The trial court may have viewed Resper’s calls to Ricks as proof that she herself believed she was obliged to get herself to the program. But, even assuming her calls were motivated by a concern that her probation may have required she contact CA-DAC, Resper's concern does not establish that she was, in fact, obligated to call CA-DAC by the terms of her probation. Whether she was legally bound to make her own way to CADAC depends not on Resper’s beliefs or suspicions — which on the record here appear quite speculative— but on the court’s words at the sentencing hearing. As noted above, we conclude the trial court’s sentencing orders did not require Resper to reach the drug program by her own efforts. The trial court did not anticipate that Resper would be in the position of having to get to CADAC on her own, so the court made no provisions for her responsibilities were she released. Without such conditions, particularly as to the time by which Resper would have to begin the program, Resper could not violate an express condition of her probation by simply remaining at large.

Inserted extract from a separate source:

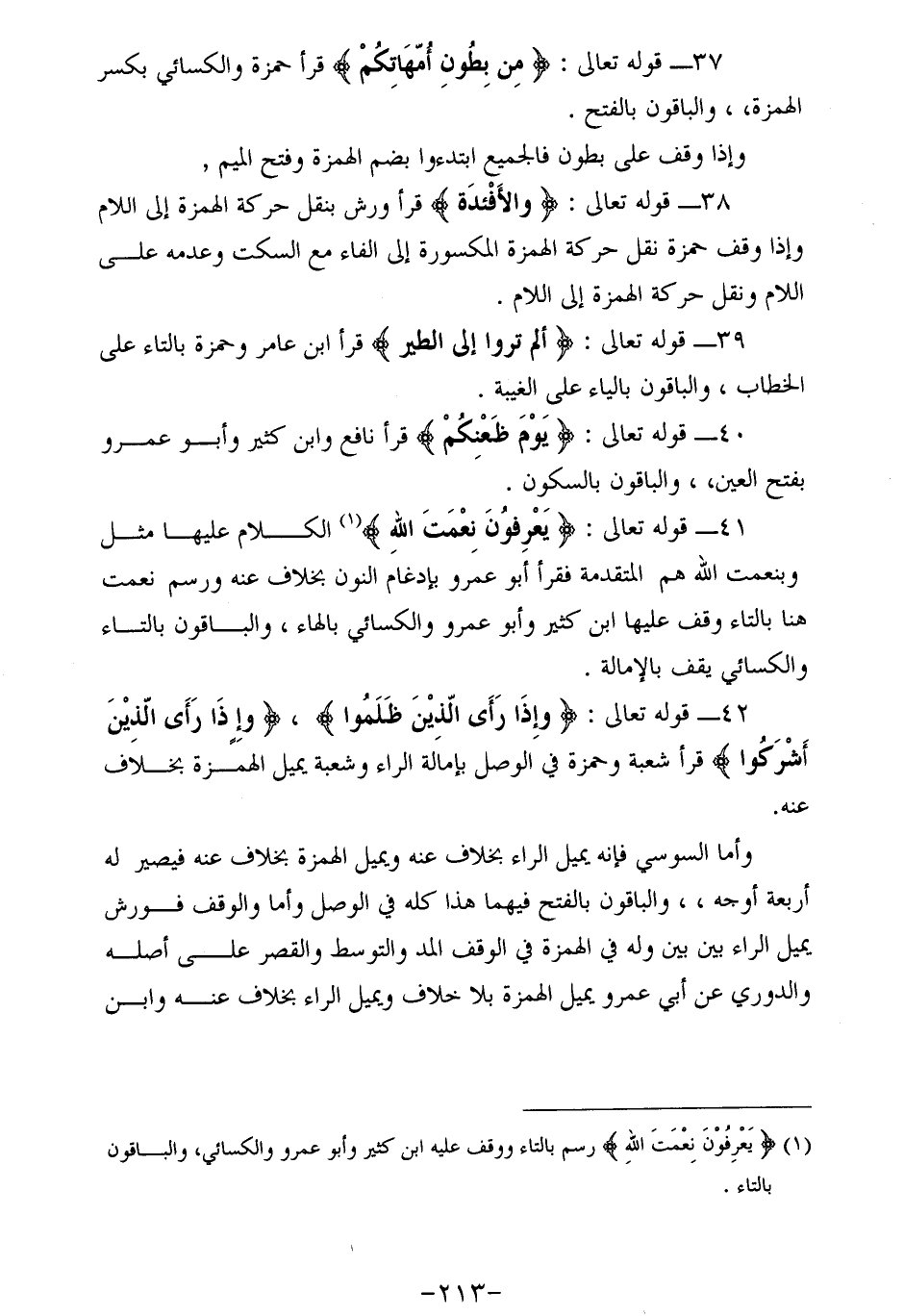 41 - قوله تعالى: يَعْرِفُونَ نِعْمَتَ اللَّهِ (¬1) الكلام عليها مثل وبنعمت الله هم المتقدمة فقرأ أبو عمرو بإدغام النون بخلاف عنه ورسم نعمت هنا بالتاء وقف عليها ابن كثير وأبو عمرو والكسائي بالهاء، والباقون بالتاء والكسائي يقف بالإمالة.

Nor, finally, do we believe Resper’s actions can be said to have violated any implied condition of her probation. An implied condition must be “so clearly' implied that a probationer, in fairness, can be said to have notice of it.” Carradine, 420 A.2d at 1389 (footnote omitted). The trial court set up the terms of Resper’s probation on the premise that the court, and thus Resper herself, would not have to rely on Resper’s ability to act on her own in entering the program. Moreover, to make Resper’s entering the program on her own into an implied condition would require the trial court to create an arbitrary time limit by which Resper had to act. Resper was arrested about four months after her release from jail. Especially in light of the fact that space is not always available at CA-DAC, we do not believe a four month time limit was “so clearly implied” that Resper had notice of it. Finally, Resper’s failure to attend the two meetings with Ricks violated no implied condition because, as noted above, missing these two meetings did not foreseeably bar her from eventually , entering the CAD AC program.

IV.

The trial court concluded that Resper’s passivity amounted to avoidance justifying its lack of faith in her ability to rehabilitate herself, even with the help of CAD AC. Its judgment may well be accurate. But the court first allowed Resper the opportunity to go into the drug program under conditions that at least would get her admitted into the program without relying on Res-per’s own efforts. Having done so, the court cannot take that opportunity away unless Resper takes actions she clearly could foresee would deprive her of it. That she has not done. The court, therefore, must once again allow Resper to enter the CAD AC program from prison when a place becomes available for her, and it must reinstate the original terms to govern her probation once she begins the program.

Reversed and remanded. 
      
      . Our cases have not previously drawn this distinction but have typically stated simply that a decision to revoke is discretionary. See, e.g., Saunders, 508 A.2d at 95 ("The decision whether to revoke probation is committed to the sound discretion of the trial court....”); Jones v. United States, 401 A.2d 473, 477 (D.C.1979) (stating "it is provided by statute that revocation of probation is a matter of judicial discretion”); cf. D.C.Code § 24-104 (1981 & 1986 Supp.). As the Supreme Court has observed, however, "the decision to revoke probation typically involves two distinct components; (1) a retrospective factual question whether the probationer has violated a condition of probation; and (2) a discretionary determination by the sentencing authority whether violation of a condition warrants revocation of probation.” Black v. Romano, 471 U.S. 606, 611, 105 S.Ct. 2254, 2258, 85 L.Ed.2d 636 (1985) (emphasis added); see Saunders, 508 A.2d at 95 (quoting Black ). While it is true that the first threshold inquiry usually will be primarily factual, it cannot be purely so. Any finding that a condition of probation has been violated, like a finding that a contract condition has been breached, embodies at least an implicit legal conclusion that certain acts constitute a violation of the probationary terms.